Taking their conclusions even further, the research team also produced a synthetic version of melittin, to see how it would perform compared to the real business.
“We found that the synthetic product reflected most of the anticancer effects of bee venom,” Duffy said.
Then Duffy and his team tested the action of melittin combined with chemotherapy drugs in mice. The experimental treatment lowered levels of a molecule that cancer cells use to evade detection by the immune system.
“We found that melittin can be used with small molecules or chemotherapies, such as docetaxel, to treat highly aggressive types of breast cancer,” explained Duffy. “The combination of melittin and docetaxel was extremely effective in reducing tumor growth in mice.”
EGFR and HER2 overexpression is also seen in other types of cancers, such as lung cancer, and these results suggest that they could also be potential targets for melittin.

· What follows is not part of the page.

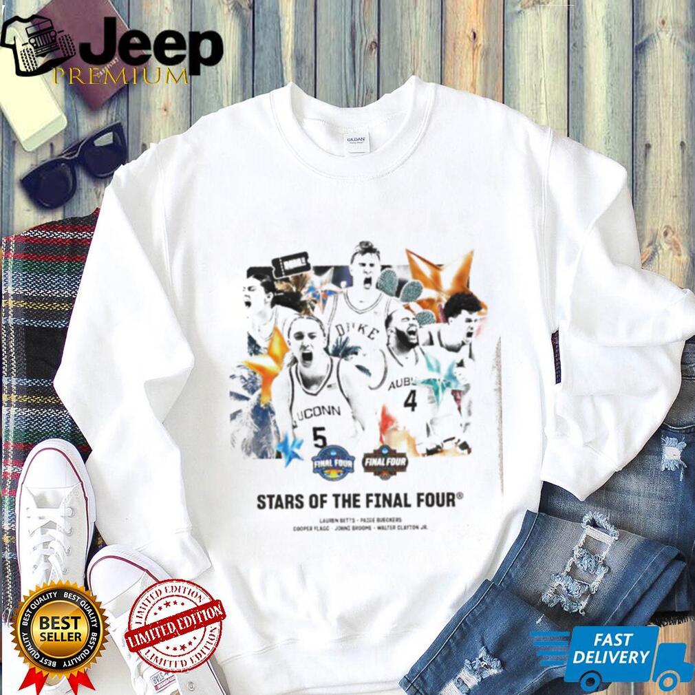 A “Women’s and men’s basketball stars of the Final Four shirt” would be a commemorative piece of apparel celebrating the standout players from both the men’s and women’s NCAA basketball Final Four tournaments of a specific year. Given the current date, this shirt would likely focus on the stars of the 2025 tournaments. The design could feature a collage of prominent players’ names, numbers, or silhouettes, possibly incorporating team logos and the official Final Four branding. This shirt serves as a tribute to the exceptional talent and memorable performances that defined the pinnacle of the college basketball season.
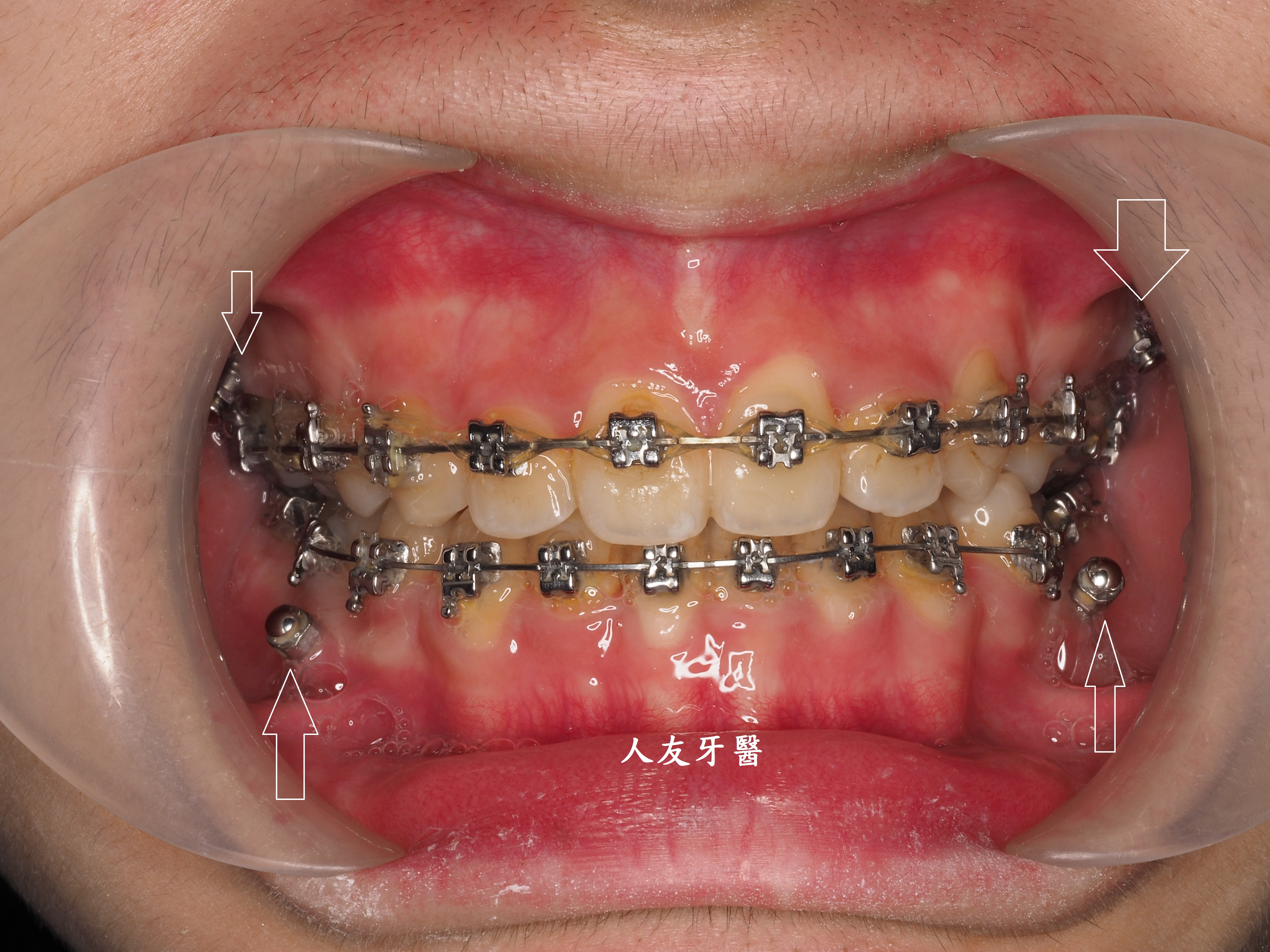 3.拔牙與骨釘:為騰出空間進行矯正,需要拔牙;骨釘用於輔助移動牙齒,初期可能會有異物感,但通常很快能適應。(下兩圖)

Of course, many things can kill a cancer cell in a Petri dish, and the researchers caution that there is still a long way to go before this bee venom molecule can be used as a treatment in humans.
“Future studies will be required to formally evaluate the toxicities and maximum tolerated doses of these peptides prior to human trials,” they wrote in their paper.
But this formidable weapon of insects provides another incredible example of chemicals found in nature that could also be useful for human disease. However, we must remember that, like so many other creatures, bees face significant health threats.
This research was published in Natural precision oncology.